_DATA EXTRACT:_
<<<<
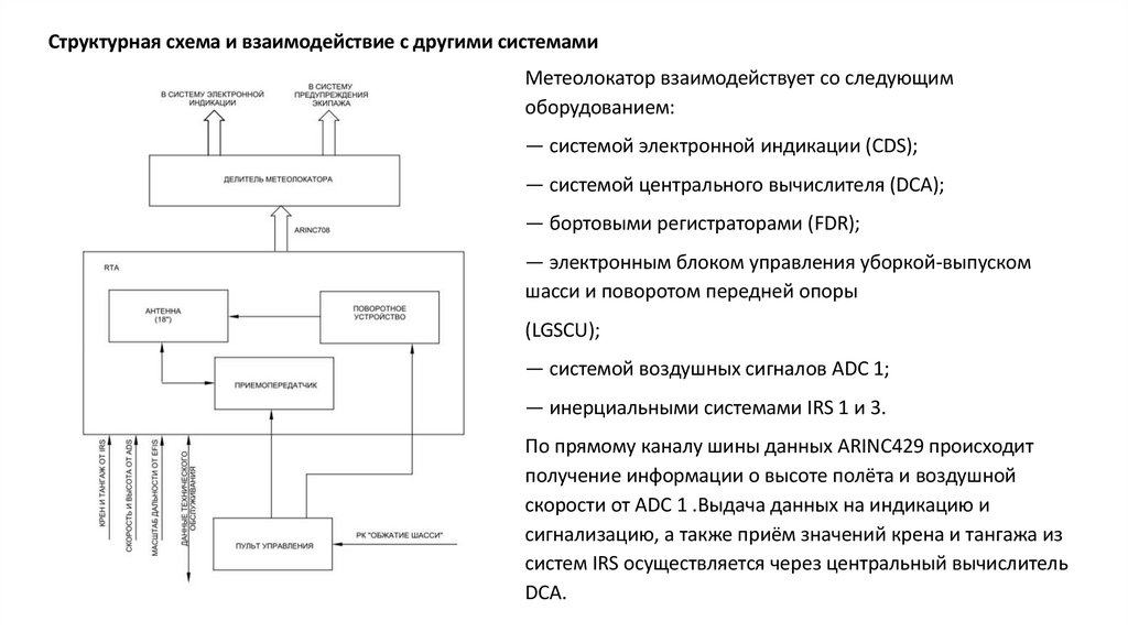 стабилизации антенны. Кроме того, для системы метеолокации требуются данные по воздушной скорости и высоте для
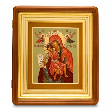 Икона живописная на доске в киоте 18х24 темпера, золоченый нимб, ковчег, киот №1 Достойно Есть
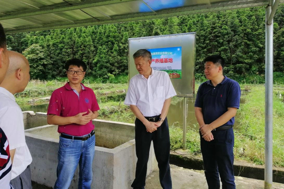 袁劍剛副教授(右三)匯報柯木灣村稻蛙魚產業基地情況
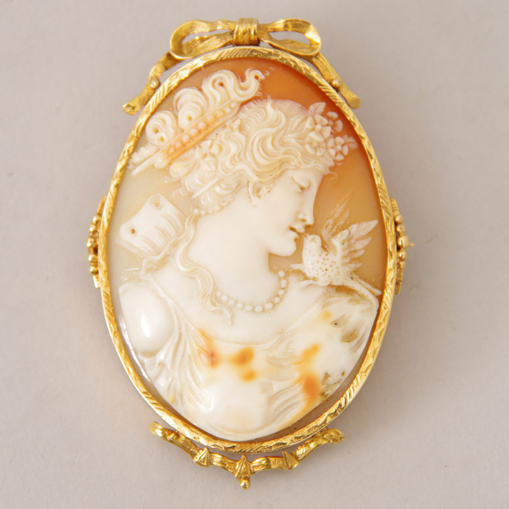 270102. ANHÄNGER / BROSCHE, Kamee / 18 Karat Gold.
>>>>
_YOUR OBJECTIVE:_ Repeat the listing word for word, omitting the pictures.

_EXERCISE SOLUTION:_
 стабилизации антенны. Кроме того, для системы метеолокации требуются данные по воздушной скорости и высоте для
 Икона живописная на доске в киоте 18х24 темпера, золоченый нимб, ковчег, киот №1 Достойно Есть
 袁劍剛副教授(右三)匯報柯木灣村稻蛙魚產業基地情況
 270102. ANHÄNGER / BROSCHE, Kamee / 18 Karat Gold.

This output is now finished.